This collection consists of photographic films, papers and chemicals used by various individuals for amateur or professional purposes. The collection also includes camera accessories, flash equipment, various lenses, exposure meters (light meters) and equpiment used for darkroom processing and printing. This is a growing collection, created to help preserve the materials used for analogue photographic developing, printing and enlarging.
Item is a folding camera for 5.7 x 8.25 cm (2.25" x 3.25") plate or sheet film. The camera was designed as the Nagel 18 by Dr. August Nagel for his company in Stuttgart Germany and renamed the Recomar 18 after the company was purchased by Kodak and became the German branch of Eastman Kodak: Kodak AG. Lens is a Kodak compur.

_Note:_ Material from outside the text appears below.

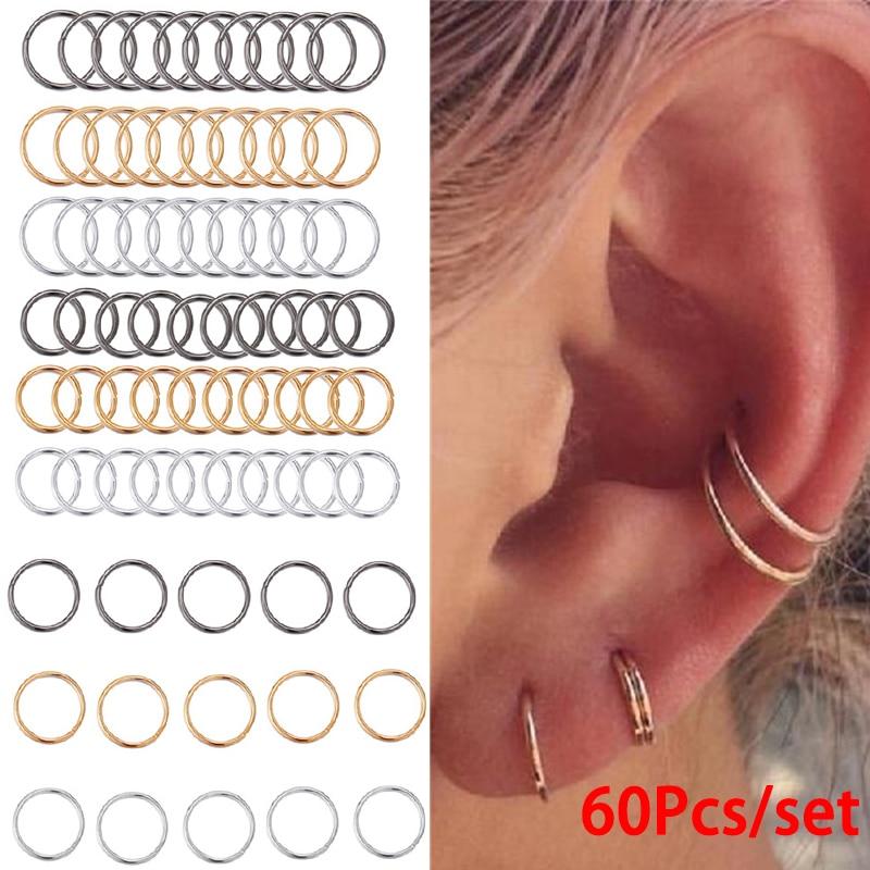 Модные серьги-кольца золотого, серебряного цвета, маленькие круглые серьги-кольца для женщин, черные серьги-кольца, серьги-кольца для пирсинга, комплект ювелирных изделий

Item is a 6X6 leaf-shutter 620 [medium format] brushed silver metal camera. It is a higher-end member of the Kodak 620 camera family and is equipped with a 78mm Ektar with maximum aperture of f3.5 and top shutter speed of 1/800 of a second. The camera comes with original packaging including cable release, camera manual, lens cleaning paper and brown leather field case. Also includes a Chevron sports viewfinder kit, for photographic sporting events by enabling framing while holding the camera at arms length. Manufactured in Rochester, New York.
Item is a small, flat, hand-held camera with black plastic body and brushed metal, gold-coloured front plate. Intended by Kodak to replace their instamatic line of cameras, the Kodak Disc cameras were designed to be simple to use, with all automatic functions. Took Disc film, a proprietary format that made 15, 11 x 8 mm exposures; this small negative size made the resulting prints very grainy when enlarged and the camera model was not Kodak's most popular. Item has a built in flash and wrist strap. In plastic display original packaging. Uses HR disc.
The Kodak 35 was launched by Eastman Kodak Company in 1938 as their first 35 mm camera manufactured in the USA. It was developed and manufactured in Rochester, New York when it became apparent that the company could no longer rely on import from their Kodak AG factory in Germany during the troubled times prior to the Second World War. Originally sold for $40.00 USD.